これまで大好きな芝居を何十年も続けてこれたのはとても嬉しいですし、この先も生涯女優でありたいと思っています。私にとっては一作品ずつが全てオーディションのようなもの。『また次も一緒に仕事をしましょう(=藤田弓子でなければ)』と、監督さんに握手をして貰えたら、私の中で合格なんですよ」
夫婦二人、伊豆での生活
生まれ育った東京を離れ、伊豆の国市に移り住んで既に30年ほど。ご当地劇団『いず夢』を立ち上げ、座長兼演出を務める傍ら、『鎌倉殿の13人』の放映に合わせ、劇場内に設置された『大河ドラマ館』の名誉館長に任命されるなど、市の情報発信に貢献している。

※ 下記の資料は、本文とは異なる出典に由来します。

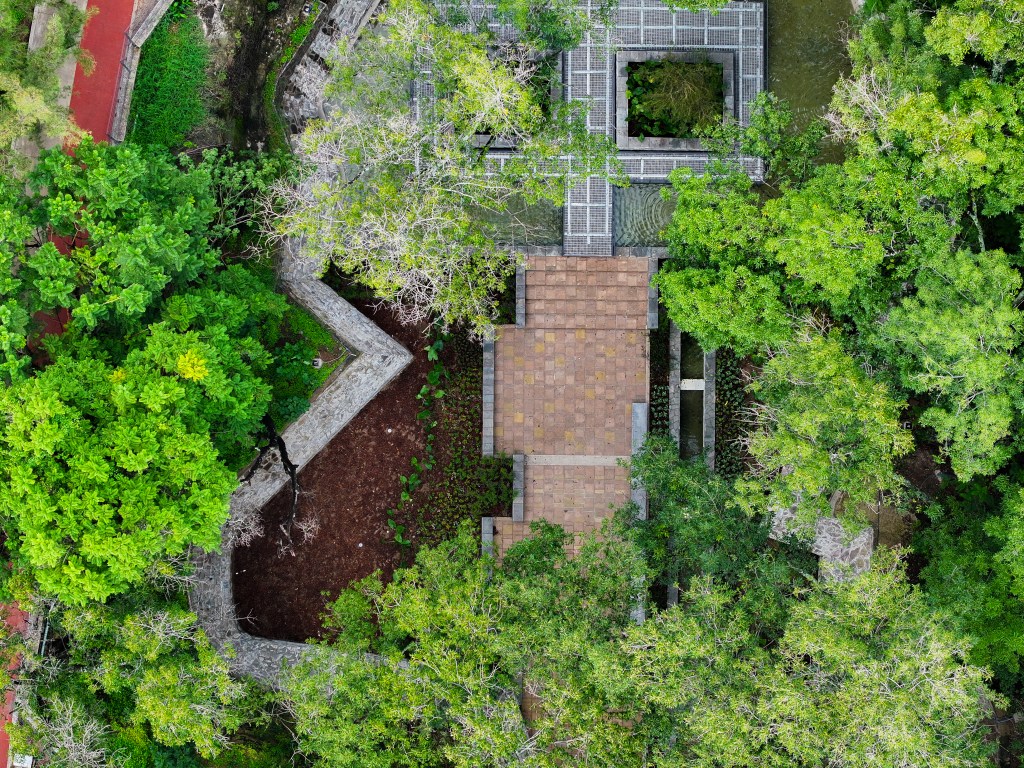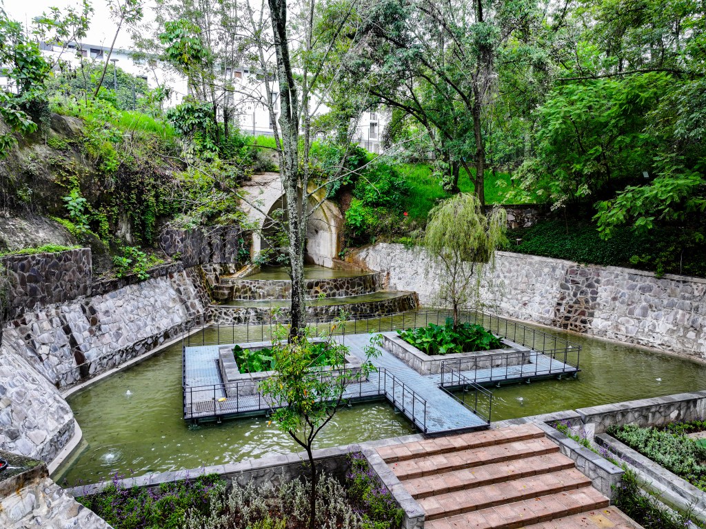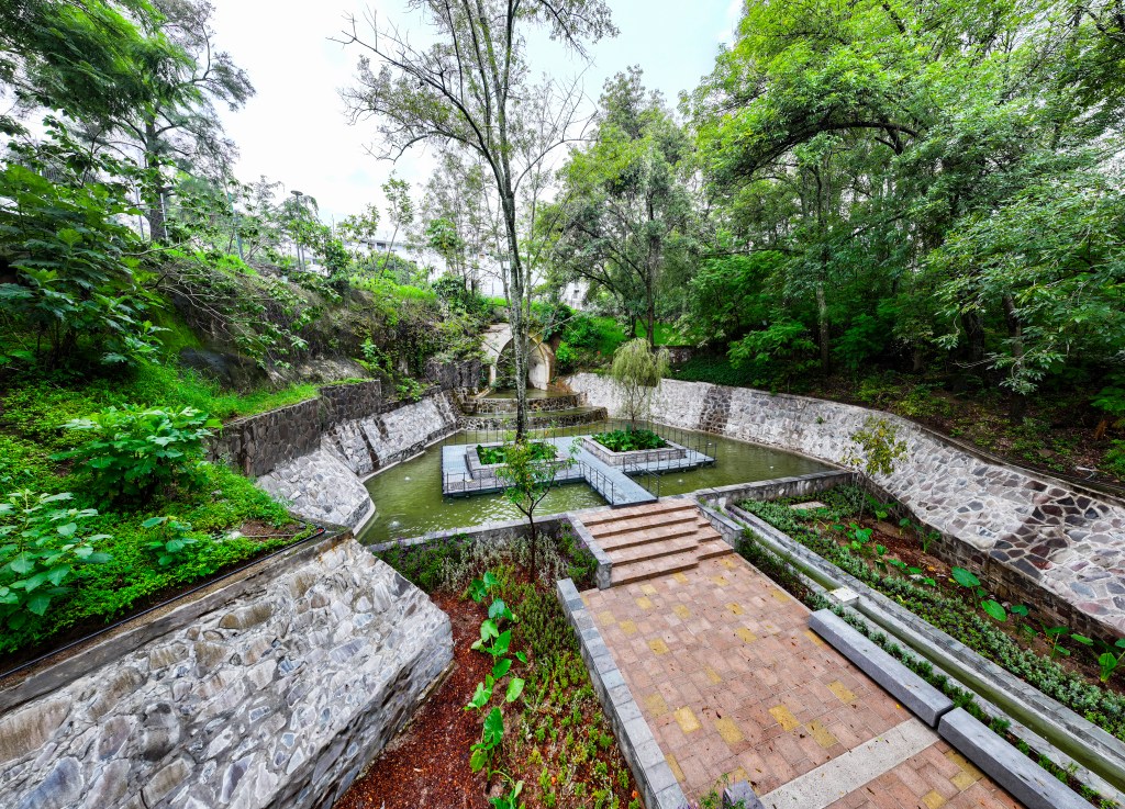 Aprovechando la topografía natural del sitio y la presencia de un nacimiento de agua, la intervención de ambos arquitectos tomó como punto de partida el respeto y la contemplación del entorno natural. La propuesta se centró en realzar el espacio del ojo de agua, integrando elementos arquitectónicos y paisajísticos que armonizan con el paisaje.

「昔『駿豆鉄道』と呼ばれた伊豆登山鉄道の温泉街の小高い丘の上で暮らしています。目の前がドーンと富士山で、箱根や清水方面も見渡せます。別荘族ではないので、地元の方とのお付き合いは大切で、ゴルフや釣りを楽しむ仲間もいます。馴染みの鮨屋さんに行くのも夫婦の楽しみの一つ。今の時代、断捨離で色んなものを整理している方も多いでしょうが、増やすものがあります。それは『友達』です。この地では、故郷を分けて貰った分、お礼に地元で出来る事をしようと思っています」
オンとオフのはっきりとした
切り替えが元気の秘訣
「今は新幹線の本数も増え、仕事で東京へ行くことがルーティンになっています。『品川~』というアナウンスで急にスィッチが入り、自然に女優の顔に変わりますね。『生活と仕事』、それぞれ別の刺激を持てる事がパワーある生活の源になっています。『オンとオフ』の切り替えが大切で、変化を持たせる暮らし方に若さと健康の秘訣があるのではないでしょうか」
ラッキーカラーの黄色の洋服がとてもお似合いで、役の上での肝っ玉母さんとはまた違う品の良さが垣間見えました。9月で喜寿を迎えられたとは思えないようなおみ足の筋肉を目の前で披露?しながら、『お婆さん役を演じるには筋力が必要なのよ』と語る屈託のない笑顔がチャーミングで印象的でした。
聞き手 高橋牧子
編集長 山本英二
Profile 藤田 弓子(ふじた ゆみこ) 1945年9月12日生まれ 東京目黒区出身
1963年文学座に入所。67年『カンガルー』で初舞台、68年NHK連続テレビ小説『あしこそ』でヒロインデビュー。73年より『小川宏ショー』のサブ司会や人気クイズ番組『連想ゲーム』の女性チームキャプテンを務めるなど、幅広い分野で活躍。映画やドラマで実力を博し、85年キネマ旬報最優秀助演女優賞を受賞。脚本家の夫と共に伊豆の国市で劇団『いず夢』を主宰、同市の大河ドラマ館の名誉館長を務める。